И при чем здесь любовь?
Есть весна, есть боль, есть разлука, но никто и никогда не сможет соединить несоединимое: запад и восток, солнце и луну, отца и дочь. Разлучить – да, а вот соединить…
О любви вслух действительно нельзя, потому что я и сам не понимаю, кто же я моей дочери на самом деле. Да, солнечные затмения тоже иногда случаются, ну и что? От пустой надежды только хуже: и рад бы забыть, да не можешь. И какая разница, когда я понял это в первый раз?
Иногда по вечерам она подходит и усаживается ко мне на колени – просто так. Обнимает за шею. Последнее время это происходит нечасто, и только если она хочет сама, я стараюсь избегать этого как могу. Потому что теперь от нее пахнет морем, и не замечать этого с каждым днем все труднее.
Я отворачиваюсь от Кончиты и уходящего солнца. Моя рюмка уже полна снова, а Феличе говорит:
– Конечно, Питер, еще слишком рано, я знаю, но я просто уверен, что будет мальчик, я чувствую, и все тут.
– Само собой, но, поверь мне, и девочка – это тоже замечательно. И в следующий раз, кто знает, быть может, у тебя будет еще одна маленькая Кончита, еще одна маленькая красавица. Твоя, и только твоя. Разве это не прекрасно? – я делаю крохотный глоток.
Феличе провожает взглядом мою руку, смотрит в окно, и его глаза темнеют. Помолчав, он произносит:
– Моя, и только моя, да, ты прав.
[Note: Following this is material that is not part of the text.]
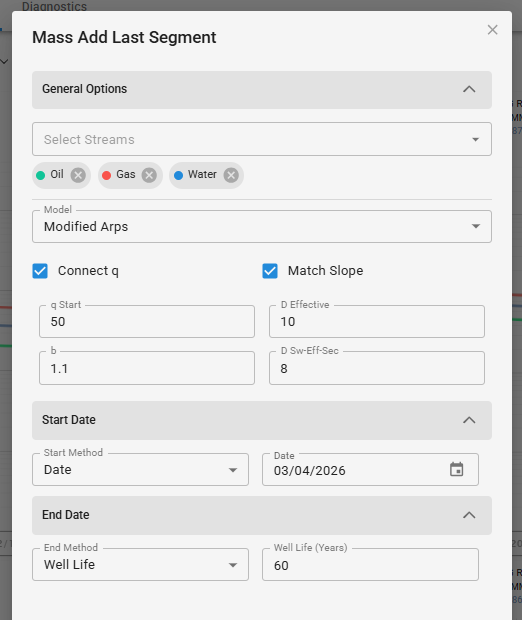 When ending the segment, a user has a few options date, duration, well life, q final. Date allows the user to input an end date. Duration allows the user to input a length for the added segment. Well life will consider the full wells production and end the new segment when the well life is met. Finally, q final will end the segment at a given flow rate.

И вообще, семья – это главное. Дети, братья и сестры – одна кровь. Нет ничего важнее этого, ведь правда? Вот хотя бы мы с Лукой, он на целых двенадцать лет младше, а мы с ним с самого детства не разлей вода. Потому что – кровь. Вообще-то, пора уже и ему остепениться, только где сейчас найдешь хорошую итальянскую девушку, скажи?
– Обязательно итальянскую?
– Почему же, можно сделать исключение, и одно я знаю точно. Как там, кстати, твоя дочка, Питер? У нее с этим… Сержем все на самом деле серьезно?
Я едва не роняю рюмку – как?
– Откуда тебе это известно? Про Майю и… про этого парня?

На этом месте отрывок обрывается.